Oxidative stress and adrenocortical insufficiency

Abstract

Maintenance of redox balance is essential for normal cellular functions. Any perturbation in this balance due to increased reactive oxygen species (ROS) leads to oxidative stress and may lead to cell dysfunction/damage/death. Mitochondria are responsible for the majority of cellular ROS production secondary to electron leakage as a consequence of respiration. Furthermore, electron leakage by the cytochrome P450 enzymes may render steroidogenic tissues acutely vulnerable to redox imbalance. The adrenal cortex, in particular, is well supplied with both enzymatic (glutathione peroxidases and peroxiredoxins) and non-enzymatic (vitamins A, C and E) antioxidants to cope with this increased production of ROS due to steroidogenesis. Nonetheless oxidative stress is implicated in several potentially lethal adrenal disorders including X-linked adrenoleukodystrophy, triple A syndrome and most recently familial glucocorticoid deficiency. The finding of mutations in antioxidant defence genes in the latter two conditions highlights how disturbances in redox homeostasis may have an effect on adrenal steroidogenesis.

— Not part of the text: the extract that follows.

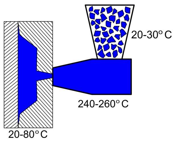 Keywords: Temperatures of injection moulding for polypropylene.svg Temperatures of injection moulding for polypropylene<br>Zakresy temperatur stosowane podczas wtryskiwania polipropylenu Own 2006-08-16 Stan Zurek Polypropylene Injection moulding Files by User Zureks Plastic granule |

Keywords: adrenal insufficiency; oxidative stress; reactive oxygen species; steroidogenesis.

Figure 1

Detoxification of mitochondrial superoxide species produced during electron leakage from the mitochondrial electron transport chain. The superoxide radical O₂ · ⁻, produced from electrons (e⁻) leaked at complexes I and III of the mitochondrial electron transport chain, can be protonated to form H₂O₂, this process of dismutation is catalysed by MnSOD. Mitochondrial H₂O₂ is detoxified by the thioredoxin and GSH systems, which require high concentrations of nicotinamide adenine dinucleotide phosphate (reduced NADPH) provided by NNT. The flow of electron transfer from NADPH to PRDX3 and GPX, through the various components of the thioredoxin and GSH systems, is shown in the figure. GSR, glutathione reductase; GSH, reduced glutathione; TXNRD2, thioredoxin reductase 2; TXN2, thioredoxin 2; GLRX2, glutaredoxin 2; NNT, nicotinamide nucleotide transhydrogenase; PRDX3, peroxiredoxin 3; GPX, glutathione peroxidase; MnSOD, manganese superoxide dismutase.

Figure 2

Reactive oxygen species (ROS) production during steroidogenesis. The import of cholesterol from the outer mitochondrial membrane (OMM) to the inner mitochondrial membrane (IMM) is activated by STAR and mediated by the translocator protein (TSPO)-associated multi-component complex. This is followed by cholesterol side-chain cleavage to pregnenolone by P450scc (CYP11A1). The other steps in the steroidogenic pathway are catalysed by cytochrome P450 isoforms in the endoplasmic reticulum (ER). The final step in cortisol synthesis is catalysed by P450c11β (CYP11B1) in the mitochondria, converting 11-deoxycortisol to cortisol. Electron leakage during this process results in ROS production.

Figure 3

Maintenance of reduced peroxiredoxin 3 (PRDX3-SH) by thioredoxin 2 (TXN2) and sulfiredoxin (SRX). PRDX3, in its reduced form, detoxifies H₂O₂ in the mitochondria. This process induces the formation of disulphide PRDX3 which in turn is reduced back to PRDX3-SH by TXN2. With excessive H₂O₂ PRDX3 is hyperoxidised to an inactive sulfinic form (PRDX3-SO₂ ⁻) and this hyperoxidisation is reversed by SRX.